Aim of the task
Leave every image out, and return the rest of the data word for word.

Supplied material
-- -- --
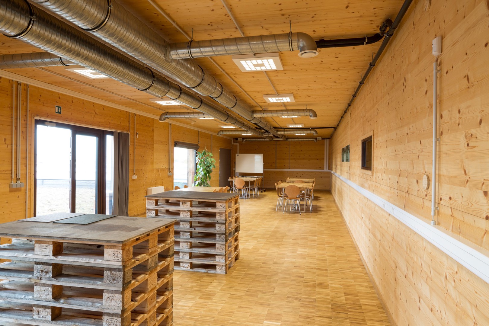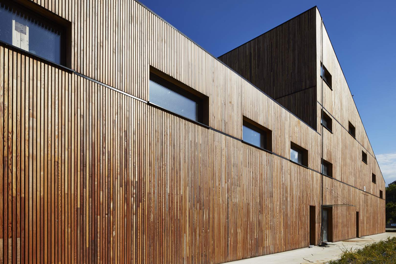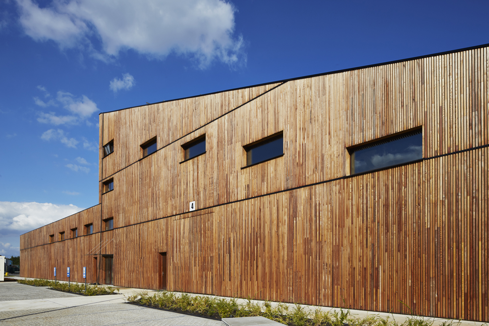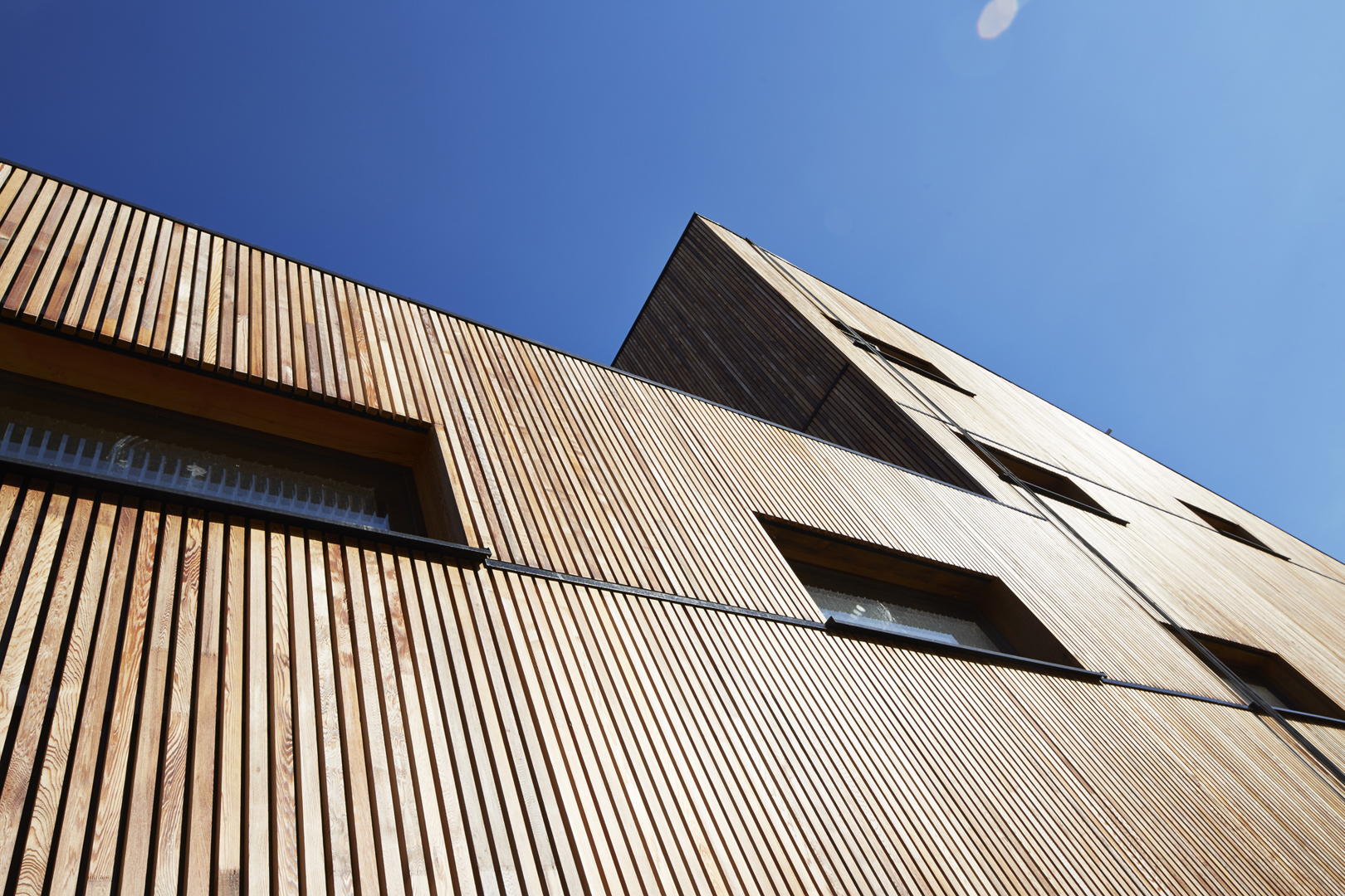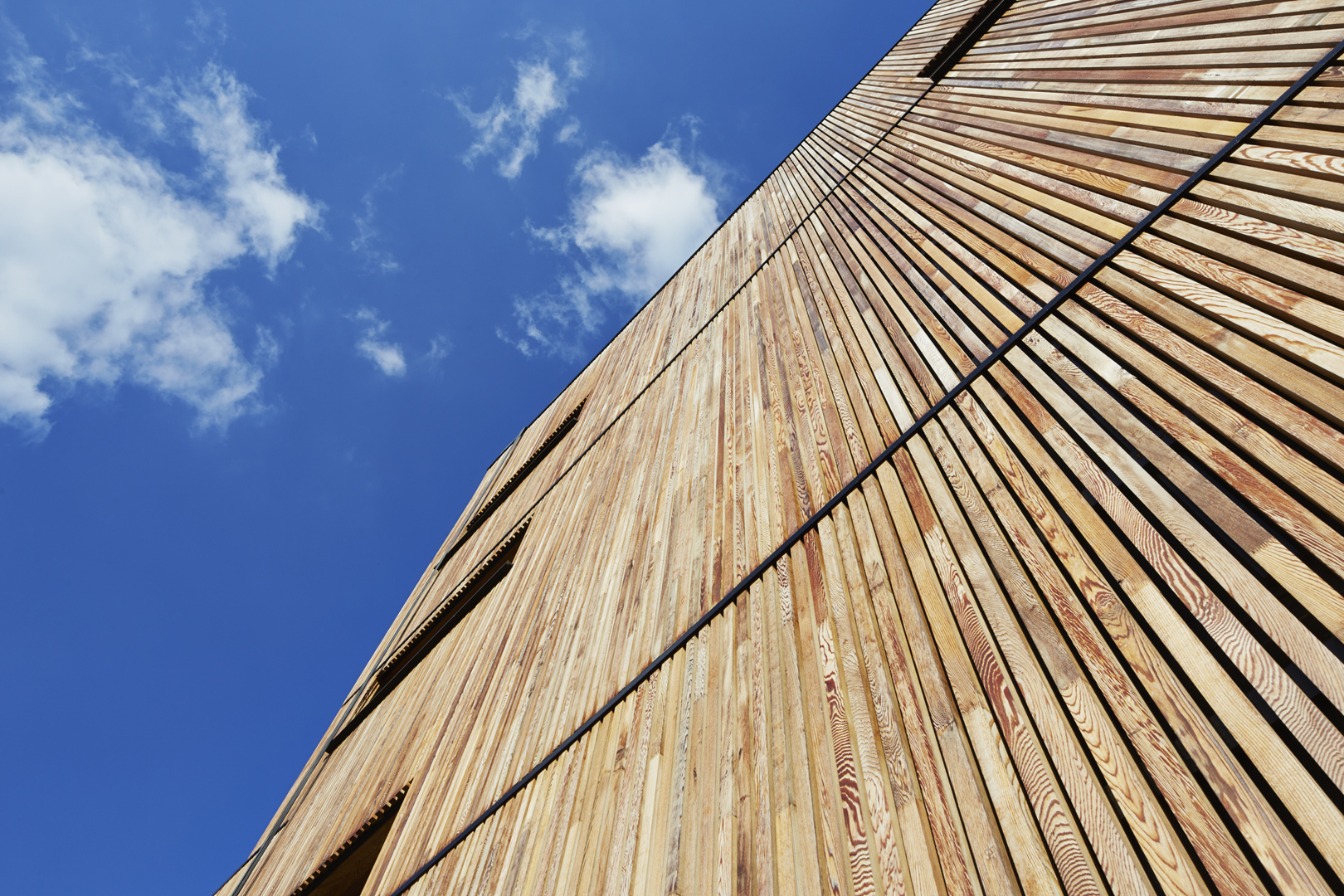 YUGENING (voordien OVG Architecten, red.), met Koen Van Grimbergen als projectarchitect, werd onder de arm genomen en besloot Vandersypen op zijn wenken te bedienen met een doorgedreven circulair gebouw. Zo bestaat het hele gebouw uit een volhouten, demonteerbare constructie. Daarbij werd het onderste uit de kan gehaald, getuige daarvan het feit dat zelfs de liftconstructie in larikshout werd uitgevoerd.
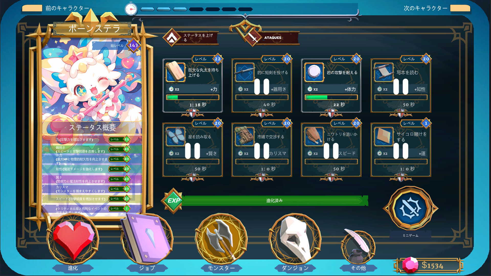 戦闘や恋愛に忙しくないときは、拠点の強化に専念しましょう。スキルを鍛え、装備を整え、冒険の準備を整えましょう。どんな冒険者でも、リラックスして社交を楽しむための居心地の良い場所が必要です!
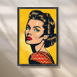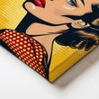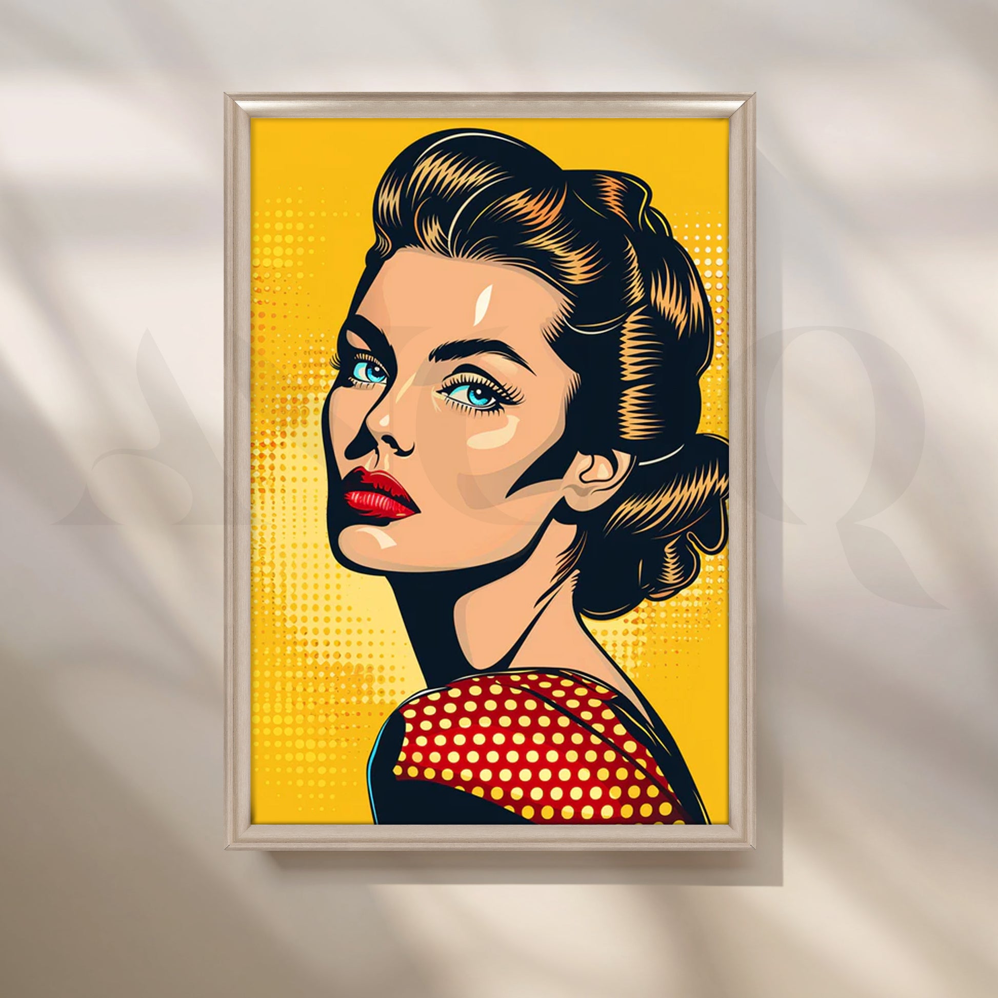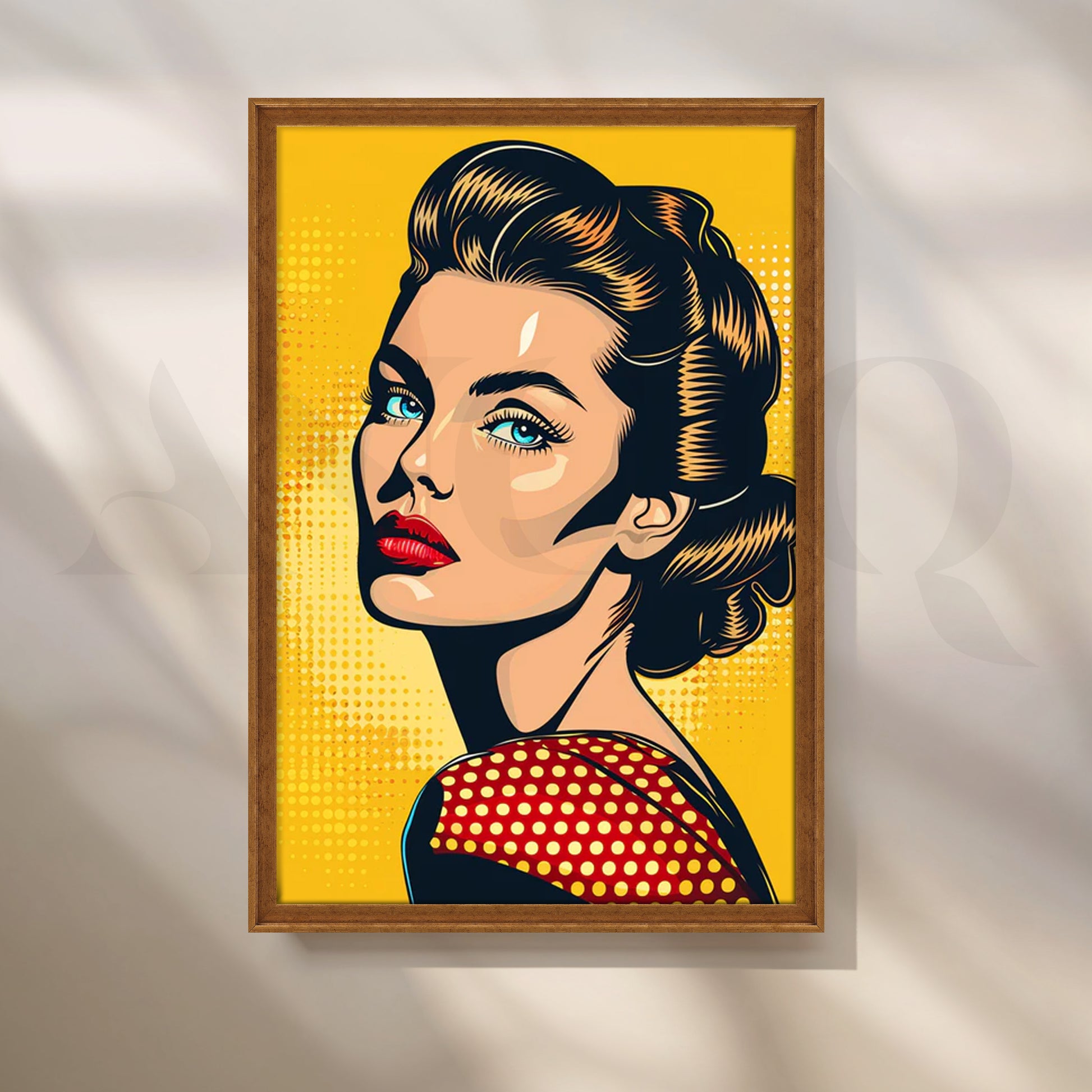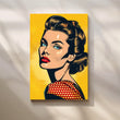 Striking pop-art portrait of a retro beauty—teal eyes, red lips, and a polka-dot shoulder—set against a bold yellow halftone backdrop. This graphic comic-style artwork brings instant attitude to contemporary spaces. Keywords: pop art portrait, retro comic wall art, yellow wall decor, polka dot poster, bold graphic canvas, modern living room artwork, statement pop painting.
-- -- --
Task response
 YUGENING (voordien OVG Architecten, red.), met Koen Van Grimbergen als projectarchitect, werd onder de arm genomen en besloot Vandersypen op zijn wenken te bedienen met een doorgedreven circulair gebouw. Zo bestaat het hele gebouw uit een volhouten, demonteerbare constructie. Daarbij werd het onderste uit de kan gehaald, getuige daarvan het feit dat zelfs de liftconstructie in larikshout werd uitgevoerd.
 戦闘や恋愛に忙しくないときは、拠点の強化に専念しましょう。スキルを鍛え、装備を整え、冒険の準備を整えましょう。どんな冒険者でも、リラックスして社交を楽しむための居心地の良い場所が必要です!
 Striking pop-art portrait of a retro beauty—teal eyes, red lips, and a polka-dot shoulder—set against a bold yellow halftone backdrop. This graphic comic-style artwork brings instant attitude to contemporary spaces. Keywords: pop art portrait, retro comic wall art, yellow wall decor, polka dot poster, bold graphic canvas, modern living room artwork, statement pop painting.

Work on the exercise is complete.